■ Given records
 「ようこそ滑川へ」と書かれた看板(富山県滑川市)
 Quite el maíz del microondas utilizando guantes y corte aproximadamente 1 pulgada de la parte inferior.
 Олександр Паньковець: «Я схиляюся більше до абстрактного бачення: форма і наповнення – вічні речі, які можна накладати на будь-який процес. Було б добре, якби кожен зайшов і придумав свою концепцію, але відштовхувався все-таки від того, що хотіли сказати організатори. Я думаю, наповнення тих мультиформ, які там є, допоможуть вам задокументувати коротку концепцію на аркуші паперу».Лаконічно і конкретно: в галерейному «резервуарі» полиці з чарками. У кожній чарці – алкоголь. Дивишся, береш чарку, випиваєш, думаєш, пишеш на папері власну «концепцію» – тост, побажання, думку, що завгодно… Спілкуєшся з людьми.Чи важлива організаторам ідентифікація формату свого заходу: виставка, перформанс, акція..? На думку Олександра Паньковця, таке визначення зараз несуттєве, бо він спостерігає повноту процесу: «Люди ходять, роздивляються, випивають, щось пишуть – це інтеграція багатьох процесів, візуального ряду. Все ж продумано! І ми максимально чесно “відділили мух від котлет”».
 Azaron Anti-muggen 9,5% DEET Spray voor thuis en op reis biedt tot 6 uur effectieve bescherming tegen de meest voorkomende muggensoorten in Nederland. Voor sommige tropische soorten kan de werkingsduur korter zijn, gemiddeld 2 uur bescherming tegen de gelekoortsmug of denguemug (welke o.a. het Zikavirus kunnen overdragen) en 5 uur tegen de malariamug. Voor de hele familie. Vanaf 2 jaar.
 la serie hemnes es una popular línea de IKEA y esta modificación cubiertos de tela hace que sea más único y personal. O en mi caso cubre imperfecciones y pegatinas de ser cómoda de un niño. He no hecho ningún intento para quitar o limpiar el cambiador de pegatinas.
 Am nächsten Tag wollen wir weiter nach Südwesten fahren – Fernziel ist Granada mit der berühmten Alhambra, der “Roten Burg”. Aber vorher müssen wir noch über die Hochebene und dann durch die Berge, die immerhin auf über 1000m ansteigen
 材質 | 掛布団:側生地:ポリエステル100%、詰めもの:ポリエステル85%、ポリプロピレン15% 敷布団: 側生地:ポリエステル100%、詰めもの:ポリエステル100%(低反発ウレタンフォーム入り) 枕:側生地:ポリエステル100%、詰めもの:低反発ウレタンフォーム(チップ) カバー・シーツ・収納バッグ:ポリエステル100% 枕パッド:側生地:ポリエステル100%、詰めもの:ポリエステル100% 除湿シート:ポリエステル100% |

■ Problem to work on
After locating the line that contains "Am nächsten Tag", output it and the remaining lines of the material above, exactly as they read.

■ Solution for this problem
 Am nächsten Tag wollen wir weiter nach Südwesten fahren – Fernziel ist Granada mit der berühmten Alhambra, der “Roten Burg”. Aber vorher müssen wir noch über die Hochebene und dann durch die Berge, die immerhin auf über 1000m ansteigen
 材質 | 掛布団:側生地:ポリエステル100%、詰めもの:ポリエステル85%、ポリプロピレン15% 敷布団: 側生地:ポリエステル100%、詰めもの:ポリエステル100%(低反発ウレタンフォーム入り) 枕:側生地:ポリエステル100%、詰めもの:低反発ウレタンフォーム(チップ) カバー・シーツ・収納バッグ:ポリエステル100% 枕パッド:側生地:ポリエステル100%、詰めもの:ポリエステル100% 除湿シート:ポリエステル100% |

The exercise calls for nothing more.